Salut mon colibri !
Surprise ? Bonne j'espère. Oui, je sais que j'ai failli à mes obligations (?) et que ça fait un bail que je ne t'ai pas chatouillé les zygomatiques mais...euh…bon, c'est plus aussi facile qu'avant.
Non seulement j'ai eu l'Organisation sur le dos qui m'a demandé de lui pondre un tas de rapports pour mettre dans des jolis classeurs, eux-mêmes rangés dans de jolies armoires, et que personne ne
lira plus, mais en plus, je dois avouer que je me suis légèrement déshabitué et que, l'âge avançant, on rouille facilement…
Par où commencer ? Je t'avais laissé à mon retour du Brésil et…excuse moi, l'émotion m'étreint dès que je pense à cette terre lointaine où réside une partie de mon âme...pas mal d'eau a coulé
depuis. Tiens ! En parlant de Brésil, j'espère que ce post va motiver le paternel pour se décider, lui aussi, à pondre le premier tome de ses mémoires…Après tout, c'est mon héritage, alors, brève
aparté: "Papa, tu te remues s'il te plaît !!!!"
Donc, nous rentrâmes chez les barbus, retour au ghetto et me revoilà.

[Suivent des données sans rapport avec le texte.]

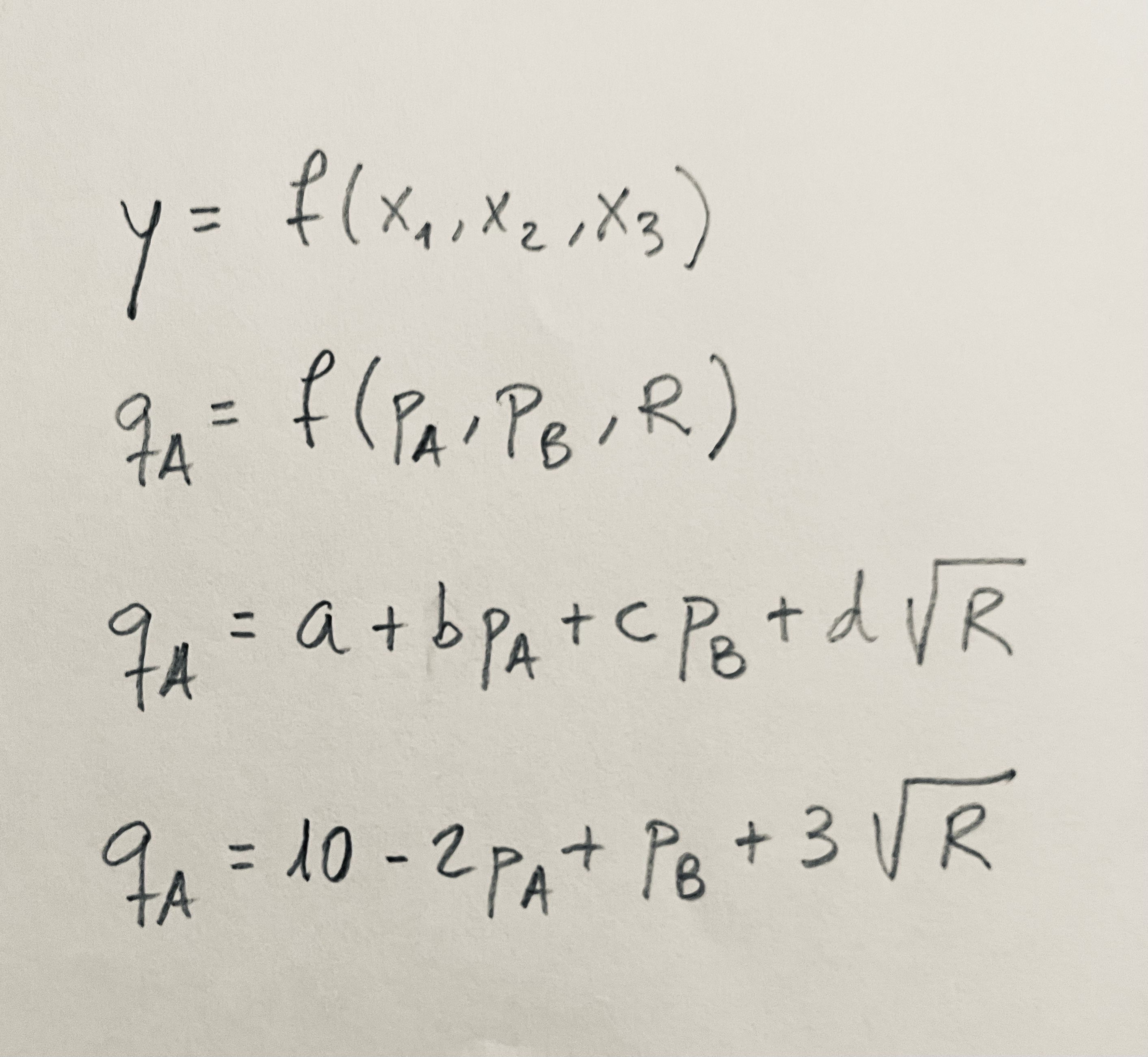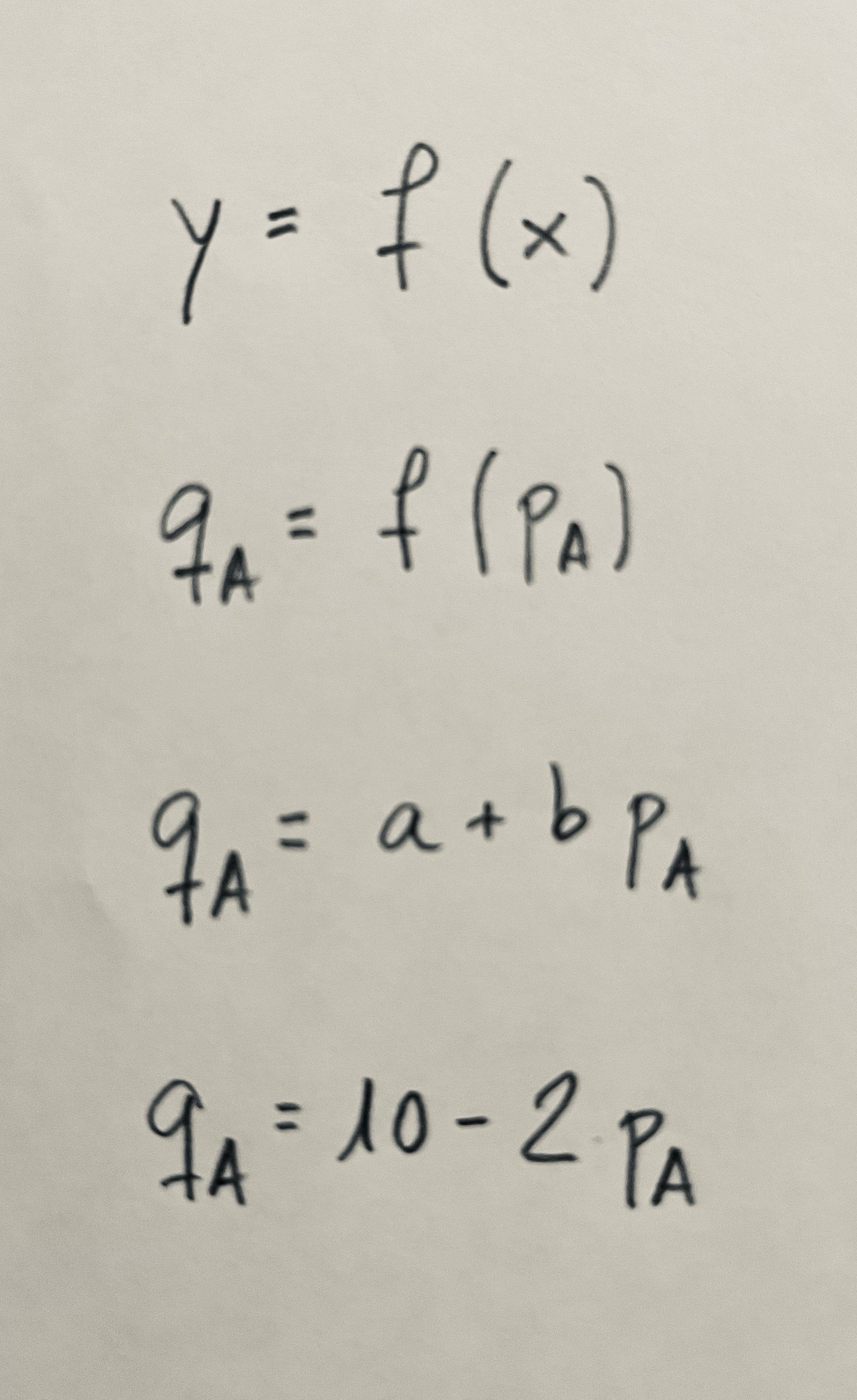 Se trata de una función de demanda de un producto A expresada en cuatro niveles distintos de abstracción o de concreción, expresada únicamente en función del precio de ese mismo producto.
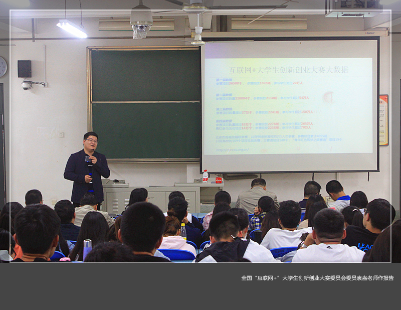 5月9日下午,上海生态科技城?河南科诚科技发展有限公司总经理、全国“互联网+”大学生创新创业大赛委员会委员袁盎,应邀到我校作题为《“互联网+”大学生创新创业项目孵化及参赛指导》的报告。环化学院全体教师和大学生科研助理200余人参加了本次活动。
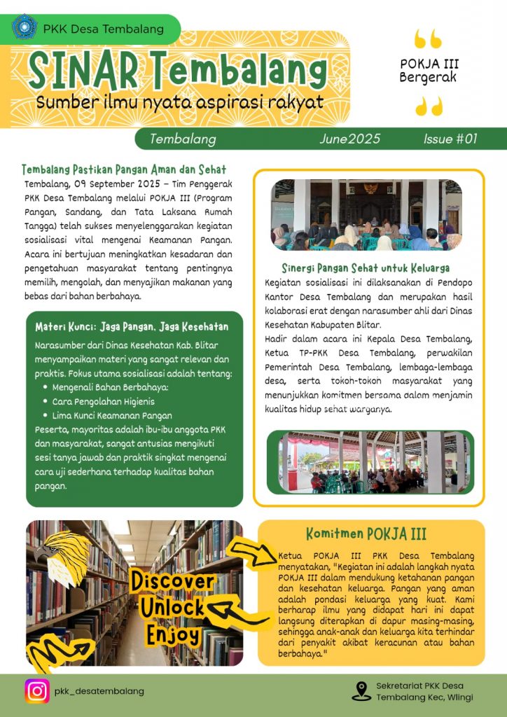 pada tanggal 09 september 2025 tim penggerak PKK desa Tembalang melalui Pokja III telah menyelenggarakan kegiatan sosialisasi vital mengenai keamanan pangan. aca ini bertujuan untuk meningkatkan kesadaran dan pengetahuan masyarakat tentang pentingnya memilih, mengolah dan menyajikan makanan yang dari bahan berbahaya.

En parlant de barbu, le barbu en chef – et accessoirement en survêtement Adidas© - que tout le monde disait mourant, eh ben il
va très bien, merci pour lui ! Il n'a pas arrêté de tailler des bavettes avec les leaders sud américains qui ont défilé ici. En pleine forme le FC ! Enfin, physiquement, parce que du côté du bulbe,
il se ramollit sévère ! Complètement gaga ce type-là…Et que je t'écris des diatribes enflammées sur la meilleure façon de jouer au baseball (niqués les barbus ! L'équipe de la Kommandantur s'est
faite éjecter en beauté par les Nippons qui ont fait rebelotte au World Classic) pour passer, au paragraphe suivant, sur son analyse de politique oneagain…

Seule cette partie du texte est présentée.